Братья подхватили ту же песню:


- Лейла, соглашайся. Нормальный ведь мужик. Лучше ты все равно не найдешь. У тебя нет выбора.

Кузен, который выступал в этом деле как посредник, звонил из Марокко. Звонили и другие родичи со всей Франции - некоторых из них я не никогда не видела. Телефон просто разрывался, и все твердили одно и тоже: " Какая удачная партия!" Тем временем отец, который знал меня как никто другой, играл на моих чувствах, ведь, несмотря на все что они делали со мной, я любила свою семью. Я бы и рада "перерезать пуповину", лишиться коней, но я не могла, и по сей день не могу. Несмотря на всю ненависть, отец оставался моим отцом, а мать моей матерью. Такой уж я уродилась.

Я была еще молода, но в двадцать лет ощущала себя, по меньшей мере, на сорок. Почти все девушки в моем возрасте общались со своими друзьями, бегали на свидания, ужинали в ресторанах, ходили в кино, флиртовали, если не были замужем, учились, путешествовали, а я отличалась от них - едва распрощавшись с полной разочарований юностью, я угодила в паутину.

Моему нареченному супругу дали хлеб и крышу над головой и не забывали стирать его шмотки. Для него наступили сладкие времена: он не тратил ни пенни из собственного кошелька, а просто ждал, когда ему преподнесут его новые документы и все остальное заодно.

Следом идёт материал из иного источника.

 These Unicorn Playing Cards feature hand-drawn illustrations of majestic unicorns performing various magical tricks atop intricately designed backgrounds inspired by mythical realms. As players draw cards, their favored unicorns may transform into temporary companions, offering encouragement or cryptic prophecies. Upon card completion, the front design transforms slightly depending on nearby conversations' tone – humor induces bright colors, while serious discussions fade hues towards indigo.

Злоба вынудила меня сменить тактику. Девушка, которая никогда не пользовалась макияжем, стала размалевывать лицо, как уличная проститутка, - отчаянная контратака с использованием кричащей помады, черных теней, туши, склеивающей ресницы, и тройного слоя тонального крема. Теперь я использовала все, за что прежде смеялась над Сурией: в ход шли и коротенькие топы в обтяжку, и распущенные волосы, и три сережки в ухе. Но я все равно только глубже копала себе могилу, поскольку будущий супруг находил меня чрезвычайно привлекательной. Ему вовсе не казалось, что это все привлекательно. Даже курение не помогло. Я выходила на лестничную клетку, а затем возвращалась, чтоб ненароком дыхнуть на него. Никакого эффекта.

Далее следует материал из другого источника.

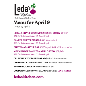 About: At Leda’s Kitchen, I draw on my adventures as a private chef, cookbook author, and co-owner of Dosa Kitchen Food Truck to offer weekly-ish mostly gluten-free heat-and-eat meals designed to awaken your senses and fit seamlessly into your schedule. My menus feature curries, stews, nourishing soups and stews inspired by diverse food traditions. I cook with high-quality ingredients including free-range meats and focus on local and organic sourcing. You decide when to eat, as all dishes are designed to reheat beautifully, maintaining or even increasing their original deliciousness.

Однажды он предложил просто поужинать в ресторане, чтобы узнать друг друга поближе.

- Нет, спасибо, у меня дела, - отказалась я.

Тогда он предложил просто пропустить вместе по стаканчику, сходить в боулинг, куда я только скажу.

- Да нет же! Спасибо, но мне нужно работать.

Я пришла к отцу. В глазах у меня стояли слезы.

- Делай, как считаешь лучше для меня, - произнесла я, надеясь, что он еще раз взвесит.

Если он любит меня, то отправит этого типа восвояси. Пару секунд я думала, что может... Но он вцепился мне в плечо и отчеканил:

- Он тот, кто тебе нужен, дочка. Не волнуйся, все будет в порядке.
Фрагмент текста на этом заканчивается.